The data has been analysed using different statistical methods, and results for the primary outcomes were consistent between the analyses. The clinical outcomes were investigated by the use of appropriate [1] and validated [17] PROMs. The proportion of patients missing in both follow-ups was low, which suggests that it is unlikely that missing data created biased results.

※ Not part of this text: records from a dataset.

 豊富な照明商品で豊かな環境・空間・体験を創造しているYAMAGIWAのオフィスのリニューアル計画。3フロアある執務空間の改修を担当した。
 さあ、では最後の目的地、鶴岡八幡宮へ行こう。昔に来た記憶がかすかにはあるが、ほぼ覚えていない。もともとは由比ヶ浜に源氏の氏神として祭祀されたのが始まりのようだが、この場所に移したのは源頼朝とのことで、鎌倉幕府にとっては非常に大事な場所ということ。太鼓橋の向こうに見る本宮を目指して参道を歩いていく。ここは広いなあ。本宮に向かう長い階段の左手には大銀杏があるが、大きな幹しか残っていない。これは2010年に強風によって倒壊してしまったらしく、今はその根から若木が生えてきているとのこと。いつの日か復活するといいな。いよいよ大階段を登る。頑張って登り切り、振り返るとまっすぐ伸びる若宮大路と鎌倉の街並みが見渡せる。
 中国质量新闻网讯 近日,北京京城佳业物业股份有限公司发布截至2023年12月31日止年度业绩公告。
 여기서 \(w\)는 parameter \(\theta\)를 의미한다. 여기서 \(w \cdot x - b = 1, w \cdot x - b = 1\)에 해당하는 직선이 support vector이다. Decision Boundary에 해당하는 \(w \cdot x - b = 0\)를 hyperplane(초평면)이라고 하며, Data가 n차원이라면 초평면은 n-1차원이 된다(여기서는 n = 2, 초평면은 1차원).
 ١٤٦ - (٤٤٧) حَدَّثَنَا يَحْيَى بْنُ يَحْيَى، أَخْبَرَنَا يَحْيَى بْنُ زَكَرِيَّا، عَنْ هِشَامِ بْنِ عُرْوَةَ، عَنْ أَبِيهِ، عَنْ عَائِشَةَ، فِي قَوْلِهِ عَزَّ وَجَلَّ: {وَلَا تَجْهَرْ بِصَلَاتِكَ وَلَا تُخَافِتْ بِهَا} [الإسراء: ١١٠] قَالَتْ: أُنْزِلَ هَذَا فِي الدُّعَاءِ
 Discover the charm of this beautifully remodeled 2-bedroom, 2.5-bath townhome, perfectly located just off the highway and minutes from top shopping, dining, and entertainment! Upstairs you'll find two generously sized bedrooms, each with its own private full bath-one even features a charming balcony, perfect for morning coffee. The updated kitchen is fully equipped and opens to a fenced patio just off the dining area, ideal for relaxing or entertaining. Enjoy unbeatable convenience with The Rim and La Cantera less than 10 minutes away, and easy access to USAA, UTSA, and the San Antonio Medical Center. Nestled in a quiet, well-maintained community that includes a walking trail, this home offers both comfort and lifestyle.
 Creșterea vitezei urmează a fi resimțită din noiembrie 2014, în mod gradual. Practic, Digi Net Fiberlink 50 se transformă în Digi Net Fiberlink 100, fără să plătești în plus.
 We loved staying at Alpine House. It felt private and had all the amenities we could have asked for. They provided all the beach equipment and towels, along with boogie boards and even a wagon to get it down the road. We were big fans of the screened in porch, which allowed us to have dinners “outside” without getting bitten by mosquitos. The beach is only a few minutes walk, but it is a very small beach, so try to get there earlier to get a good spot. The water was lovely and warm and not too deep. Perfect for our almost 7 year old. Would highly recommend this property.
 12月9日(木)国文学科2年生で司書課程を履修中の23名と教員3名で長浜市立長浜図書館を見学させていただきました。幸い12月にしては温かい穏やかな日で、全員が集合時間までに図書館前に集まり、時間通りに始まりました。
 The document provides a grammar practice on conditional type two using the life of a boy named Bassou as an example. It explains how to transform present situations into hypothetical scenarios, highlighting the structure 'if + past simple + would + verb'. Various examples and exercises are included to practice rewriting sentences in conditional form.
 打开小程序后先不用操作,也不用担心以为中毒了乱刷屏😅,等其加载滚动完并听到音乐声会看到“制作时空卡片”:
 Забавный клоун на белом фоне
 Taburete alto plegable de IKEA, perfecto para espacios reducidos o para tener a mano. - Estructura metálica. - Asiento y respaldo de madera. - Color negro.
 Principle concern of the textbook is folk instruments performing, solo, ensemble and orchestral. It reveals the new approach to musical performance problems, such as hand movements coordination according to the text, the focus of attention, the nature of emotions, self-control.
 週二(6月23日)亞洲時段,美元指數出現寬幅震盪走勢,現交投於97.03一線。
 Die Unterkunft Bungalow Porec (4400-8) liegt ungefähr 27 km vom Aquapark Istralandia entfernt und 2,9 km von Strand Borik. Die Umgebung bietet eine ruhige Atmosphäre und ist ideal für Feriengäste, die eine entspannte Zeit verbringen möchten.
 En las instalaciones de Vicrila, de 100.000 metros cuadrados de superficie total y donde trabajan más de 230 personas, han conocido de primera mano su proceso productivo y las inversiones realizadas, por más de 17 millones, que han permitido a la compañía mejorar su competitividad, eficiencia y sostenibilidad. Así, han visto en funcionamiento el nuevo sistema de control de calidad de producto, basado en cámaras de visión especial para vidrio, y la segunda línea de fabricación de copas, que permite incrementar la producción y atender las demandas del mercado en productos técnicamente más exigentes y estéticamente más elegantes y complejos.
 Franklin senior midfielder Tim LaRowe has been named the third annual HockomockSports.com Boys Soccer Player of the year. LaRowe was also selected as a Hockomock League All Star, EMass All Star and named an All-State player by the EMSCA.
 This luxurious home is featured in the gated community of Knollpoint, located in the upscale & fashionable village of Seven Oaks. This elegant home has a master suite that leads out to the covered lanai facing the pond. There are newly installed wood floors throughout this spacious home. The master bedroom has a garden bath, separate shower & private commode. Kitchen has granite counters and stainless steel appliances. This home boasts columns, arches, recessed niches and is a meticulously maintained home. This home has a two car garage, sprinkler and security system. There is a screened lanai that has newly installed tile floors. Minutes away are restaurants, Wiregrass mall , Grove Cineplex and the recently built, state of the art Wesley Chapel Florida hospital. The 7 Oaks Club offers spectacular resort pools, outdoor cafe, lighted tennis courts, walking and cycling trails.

The present study does not address the long-term effect of a fusion procedure. The non-fused patients may develop recurrent stenosis or progression of the slip and the fused patients may be more prone to adjacent level degeneration [32, 33]. However, evidence regarding the influence of surgical procedure on long-term clinical results is sparse and inconsistent [5, 12, 14, 3437].

Conclusion

In the present study, where the decision-making process was affected by physicians’ and patients’ personal preferences and perceptions, we cannot give evidence that decompression alone is as good as decompression with additional fusion. However, the small differences in the groups’ effect sizes suggest that a considerable number of patients can be treated with decompression alone. In the future, well-powered studies should focus on finding the best individual treatment option for patients with degenerative spondylolisthesis.